New BoE Governor Expected to Slash Interest Rate to Record Low
The pound to US dollar rate began the week under the 1.24 benchmark, which represented a slight recovery from Friday’s five-month low. Gains were limited, however, by mounting speculation that the Bank of England (BoE) could cut interest rates even further following last week’s emergency action. New governor Andrew Bailey – who took over from Mark Carney at the central bank yesterday – is walking into an economic crisis. One of his first jobs could be to slash the cost of borrowing to a record low, to combat the impact of the coronavirus.
Pressure built on Boris Johnson over the weekend to implement tougher measures in line with other countries. By yesterday afternoon, the pair had sunk to a six-month low, as the UK government provided further draconian advice to control the spread of the outbreak, such as avoiding pubs, working from home and abandoning travel plans.
Federal Reserve Slashes Interest Rates to Near Zero
The dollar’s strong run skidded to a halt over the weekend, after the Federal Reserve attempted to prop up the economy by actioning another surprise interest rate cut. The Fed’s dramatic move saw policymakers cut its benchmark interest rate to near zero, as part of a coordinated effort with other central banks to prevent a potential global economic crisis due to coronavirus. The swifter-than-expected rate cut was actioned at an emergency meeting that replaced the scheduled gathering of Federal Open Market Committee members on Wednesday.

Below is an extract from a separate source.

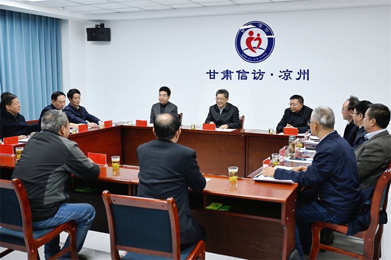 省委副書記、省長(zhǎng)任振鶴日前在武威市涼州區(qū)接待來(lái)訪群眾。(新甘肅·甘肅日?qǐng)?bào)記者盛學(xué)卿)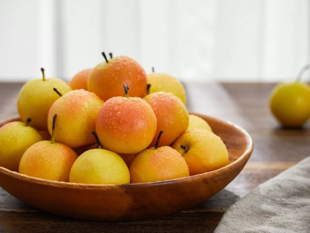 刚摘下的南果梨,果皮青绿,向阳部位呈粉色

While the dollar didn’t take too kindly to the news; the GBP vs USD rate only edged slightly higher on Monday morning due to escalating coronavirus concerns in the UK.
According to experts, new BoE governor, Mr Bailey might ask monetary policymakers to vote on a cut in interest rates to 0.01%, to make lending the cheapest it has ever been; a move that would put further pressure on the pound v dollar rate. Economists believe predictions of a recession will precipitate another rate cut this month, as the economy is hit by office and store closures, postponed events, cancelled flights and self-isolation.
The UK unemployment rate is expected to remain unchanged at 3.8% today. The pound will be hoping for a boost from the jobs market, with the claimant count and average earnings figures also due for release.
Today’s US industrial production and retail sales figures will act as a barometer of the economic impact of the coronavirus.